Adjacent Sibling Selectors with jQuery

As I may or may not have told you, I love jQuery for its simple syntax. Not that is suitable to replace common (heavy) tasks as striping big tables, because of the speed difference. I mean, dom scripting is still way faster than (to my knowledge) any library.
But it's simple syntax makes it suitable to let non javascript people use it.
As I am leaving a project half way, I have a lot of loose ends. But jQeury lets me leave people with some good building blocks to finish the work.
In this project I employ all the possibilities of css, including Adjacent Sibling Selectors even though they don't work in IE.
Here is where jQuery comes to the rescue, with one simple line of code we make IE behave

$("#a + b").addClass("foo");

This is where jQuery shines, it let's people just do stuff.However, it is still a bit scary, putting guns in the hands of children.
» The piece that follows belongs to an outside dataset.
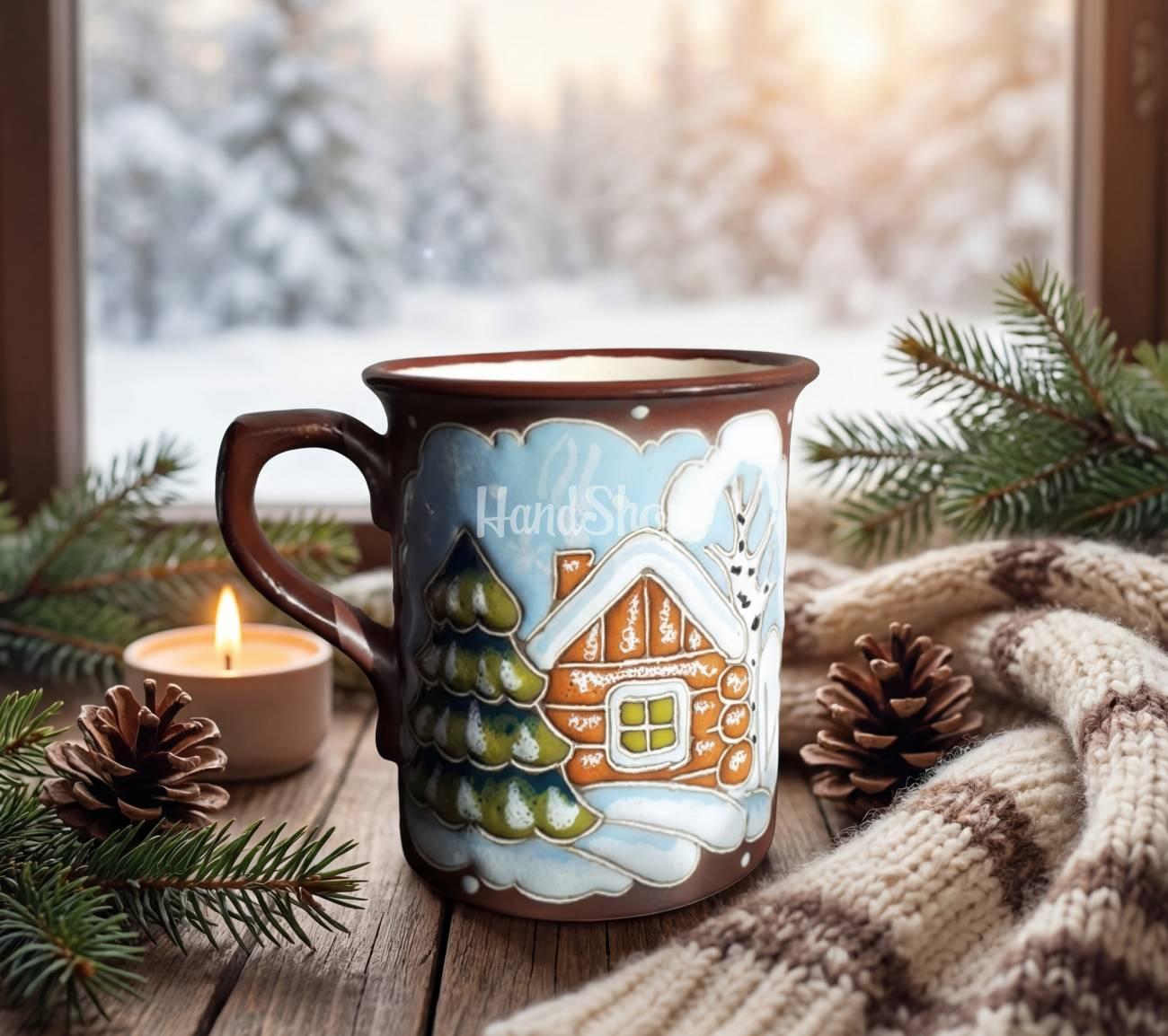 Особенности: керамическая посуда – новогодняя сувенирная чашка 300 мл с ручной росписью – заснеженный домик в лесу. Керамическая чашка ручной работы в зимнем стиле. Ручная роспись чашки с елками, березками и уютным домиком, погружающим в атмосферу зимней сказки. Чашка из глины зима 2025 с размерами: диаметр мм: 85; высота, мм: 90; емкость, мл: 300. Чашка изготовлена из натуральной глины, что обеспечивает долговечность и сохранение тепла напитков. Почувствуйте магию новогодних праздников с нашей уникальной сувенирной чашкой объемом 300 мл, изготовленной вручную! Эта керамическая чашка, украшенная нежной росписью заснеженного домика среди зимнего леса, станет настоящим акцентом в вашей кухне. Подарите себе или своим близким частицу зимнего чуда! Эта сувенирная зимняя чашка станет не только стильным дополнением вашего праздничного стола, но и отличным подарком для друзей и родных. Не упустите возможность привнести в дом атмосферу уюта и тепла! Заказывайте уже сегодня!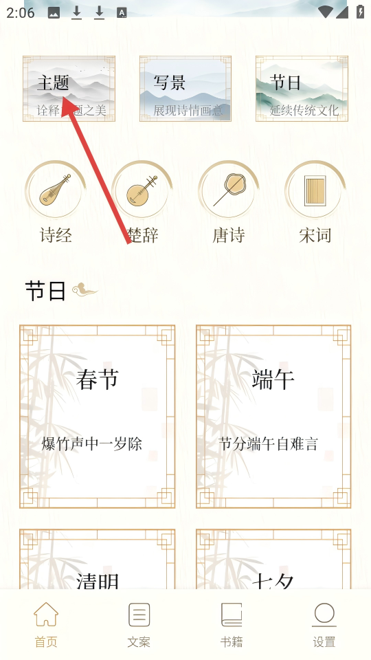 1、在首页,点击【主题】选项,进入词曲库的主题页面。

See this article by Peter-Paul Koch, where he collects and reviews quite a few good opinions.

Test script

At this moment, I am working on a new release of a library of html, css and javascript components for a client. The new release mostly consist of new (faster) javascript. This results in slightly different css classes I need to adress.

In helping me define which classes are set on a html element, I wrote this small test script to give me the value of (among others) the className.

(yes, I know the web developer toolbar for firefox by Chris Pedrick but I need to see stuff in IE 6 and below.)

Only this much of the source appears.